The filmmaking talents of
auteur filmmaker Samuel Fuller will
be showcased by the Criterion Collection on Dec. 11 with a new 4K restoration
of his 1957 Western, Forty Guns. Both DVD and Blu-ray editions will be
available.
Tombstone, Arizona is the
backdrop for this out-of-the-ordinary Western starring Barbara Stanwyck as Jessica
Drummond, the local power — actually her, that is, and her 40 hired guns. Her brother, Brockie, played by John
Ericson, is a bully and a general all around sleeze who likes the cowardly
approach to violence.
Into this hornet’s nest
ride the Bonell Brother, Griff (Barry Sullivan), Wes (Gene Barry) and Chico
(Robert Dix), who are Federal deputies armed with an arrest warrant for one of
the local lawmen, who doubles as a stagecoach robber. Before you can say “hand’s up,” Griff
encounters Brockie and tosses his weasel butt in jail for shooting Marshal
Chisum (played by Hank Worden), who is half-blind. It doesn’t take too much imagination as what
is going to happen next.

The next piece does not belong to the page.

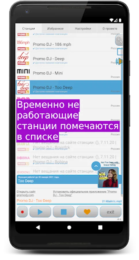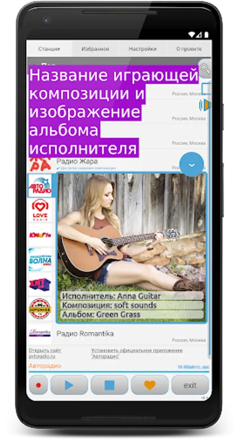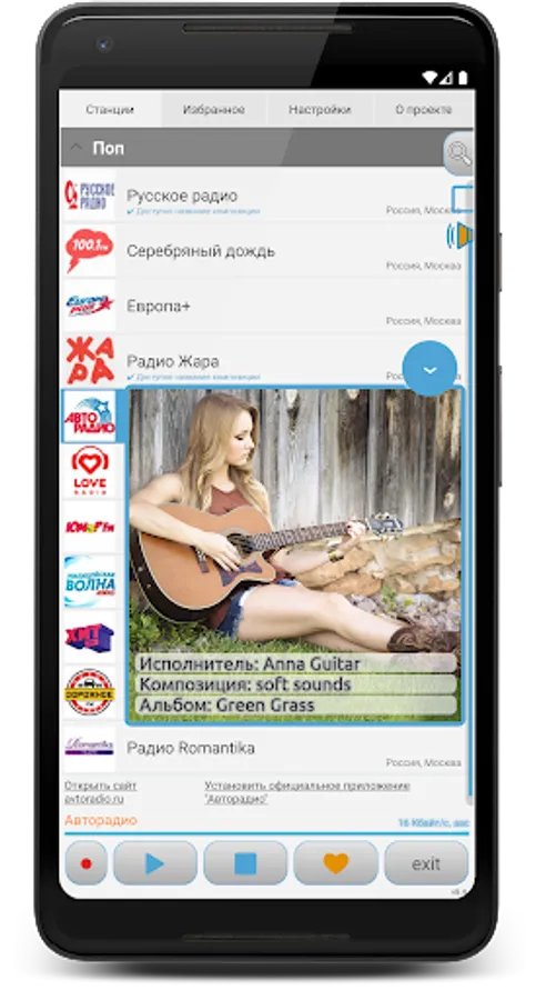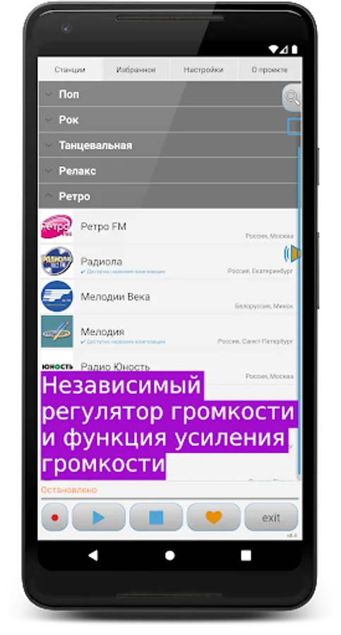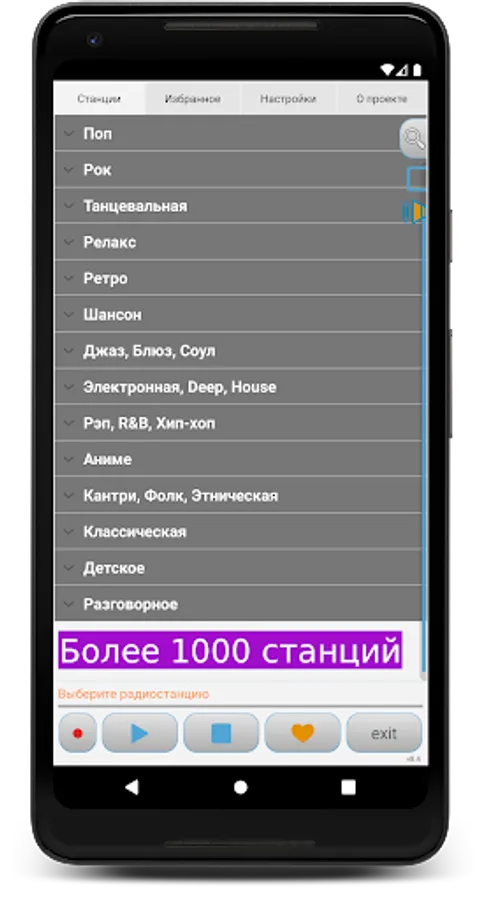 In our application you will find more than 1200 radio stations of all genres: Our music, Pop, Rock, Retro, Disco, Dance music, Chanson, Rap, R&B, Hip-hop, Jazz, Electronic, Deep, House, Ethnic, Folk, Relax, Classical music, talk radio.
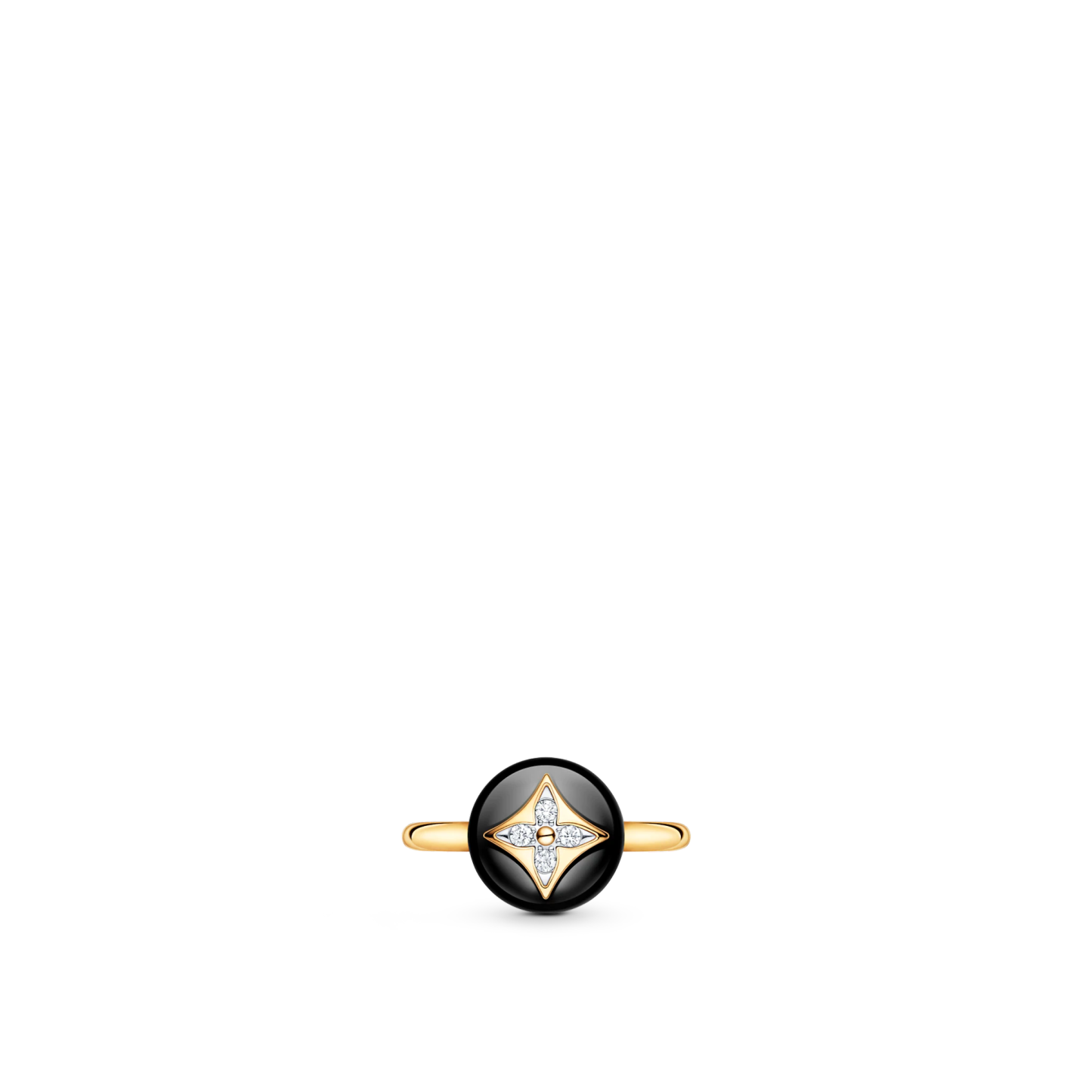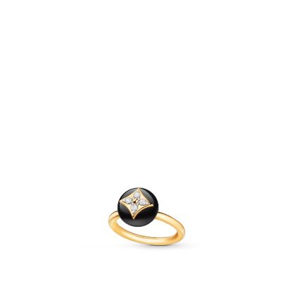 This stylish, stackable B Blossom ring is crafted from yellow and white 18-kt gold. It features a polished black onyx set with the iconic Monogram Flower motif, formed by four sparkling diamonds. The jewel’s rounded shape resembles that of a personal stamp – a bold, modern piece for a woman who always leaves her mark.

When your
little brother is in jail and you have 40 gunslingers at your disposal, you don
your best black Western outfit, saddle up and ride to town.
Meanwhile, Wes falls in
love with a local gunsmith by the name of Louvenia (Eve Brent) and makes plans
for a wedding … a tragic wedding to be sure.
Forty Guns brings together a top-notch cast, a script that
doesn’t follow “the code,” amazing visuals (cinematography by Joseph F. Biroc —
Oscar-winner for The Towering Inferno and also nominated for his work on Hush...Hush,
Sweet Charlotte) and at least two scenes that stick with you long after
the viewing — the wedding sequence and a magnificently-staged shootout between
Griff and Brockie that is nothing short of stunning … one of those OMG screen
moments!
Bonus goodies included
with Forty
Guns include Fuller’s daughter, Samantha Fuller’s 2013 feature-length
documentary, A Fuller Life, and two newly-prepared video sessions — the
first featuring Fuller’s wife and daughter, Christa Lang-Fuller and Samantha,
and the second with author and film critic Imogen Sara Smith (“In Lonely
Places: Film Noir Beyond the City”).
Also on the December
restoration calendar from the Criterion Collection are director Euzhan Palcy’s
1989 film adaptation of the André Brink novel, A Dry White Season (new
4K restoration, Dec. 11), an updated presentation of Ingmar Bergman’s Sawdust
and Tinsel (Dec. 18, first issued by Criterion in 2003 — new 2K
restoration) and iconic French filmmaker Julien Duvivier’s first post-war film
venture, Panique (new 2K restoration, also Dec. 18).